Upon the German Empire, therefore, is imposed more emphatically than upon any other peoples of the earth the sacred duty of watching carefully that its army and its navy be always prepared to, meet any attack from the outside. It is only by reliance upon our brave sword that we shall be able to maintain that place in the sun which belongs to us, and which the world does not seem very willing to accord us.
[The author then describes a regimental manoeuvre of the guards on the field at Doeberitz:] The steel helmets glitter in the sunshine; in the galloping exercises every individual horseman endeavours to keep on to the man in front, and to keep the right direction - no easy matter when there is dust, and the ground is rough.
Many a one stumbles, and away past him gallops the company of riders. What does it matter! When you plane wood, shavings must fall. And there the call resounds over the field, clear and quivering amid the uproar of the galloping mass, "Front!"
The reins whirl round, and as if by a stroke of magic, the line is formed again, with a front of five impetuous squadrons of the guards, and then comes the signal, "Charge!"
Then the last ounce is taken out of the horses, and with bodies strained forward and with lances in rest with a "hurrah" we ride to the attack. For any one who has taken part in such attacks, there is nothing fairer in the world!
And yet to the true horseman there is one thing which appears more beautiful: if all that were the same, but if only at the end of the rapid charge the enemy were to ride out against us, and the struggle for which we have been drilled and trained, the struggle for life and death, were to begin.
How often during such attacks have I heard the yearning call of a comrade riding behind: "Donnewetter" if that were only the real thing!" O horseman's spirit! All who are true soldiers must know and feel: "Dulce et decorum est pro patria mori." [Glad and glorious [or sweet and fitting:] it is to die for one's country].
Source: Source Records of the Great War, Vol. I, ed. Charles F. Horne, National Alumni 1923
message 36: by Bentley, Group Founder, Leader, Chief (last edited Mar 30, 2010 03:29AM) (new)
German Reaction to the Japanese Capture of Tsingtao, 8 November 1914
Reproduced below is a commentary which appeared in a German newspaper on 8 November 1914, the day after the German-held territory of Tsingtao fell into Japanese control. The author of the article was Rear-Admiral Schlieper, who had served in Tsingtao some years earlier, and who had rejoiced in the territory's superior management by Germany.

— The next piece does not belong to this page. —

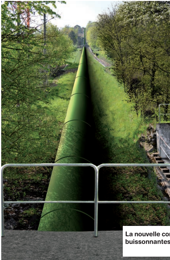
La nouvelle conduite forcée sera dissimulée par des haies buissonnantes pour être mieux intégrée au paysage.

A l'arrêt depuis septembre 2010 pour cause de non-conformité avec les normes de sécurité actuelles, les installations centenaires de l'usine hydroélectrique de la Vièze vont être modernisées. Au printemps 2012, la nouvelle conduite forcée fournira 15% d'énergie en plus.

In his article Schlieper mourned the loss of Tsingtao in passionate terms, and heaped scorn upon its joint conquerors, Japan and Britain.
German Reaction to the Fall of Tsingtao - A Newspaper Commentary by Rear-Admiral Schlieper, 8 November 1914
"We guarantee performance of our duty - to the last!"
A solemn heritage have these words become, these words which the governor, naval Captain Meyer-Waldeck, just managed to have transmitted by telegraph to his Commander-in-Chief, from far-away Kiau-chau as a characteristic German pledge.
Each one of us here in the Fatherland, clearly realizing that the message voiced much bitter tragedy, was grateful in his inmost soul to the brave man. Those of us, however, who had been permitted to witness that which out yonder had been undertaken and developed with enthusiasm and flaming love of country, will to-day, on the morning of November 8th, have felt especially sorrowful when they read these words: "Tsing-tau has fallen!"
The flags were yet waving in celebration of the German naval victory along the coast of Chile off Coronel - and already there comes in the quick succession of events the solemn tidings of the end of an heroic struggle, which was maintained on a rocky height against gigantic odds.
We saw it coming - and yet our thoughts rebelled against the accomplished fact, our whole being revolted against so much baseness and deceit which a dual alliance, consisting of our white cousins and of wily yellow Asiatics, had instigated against German possessions.
A sudden pang may flash through us when we view so much German blood spilled, but at the same moment our hearts should beat in fervent gratitude for our heroes of Tsing-tau.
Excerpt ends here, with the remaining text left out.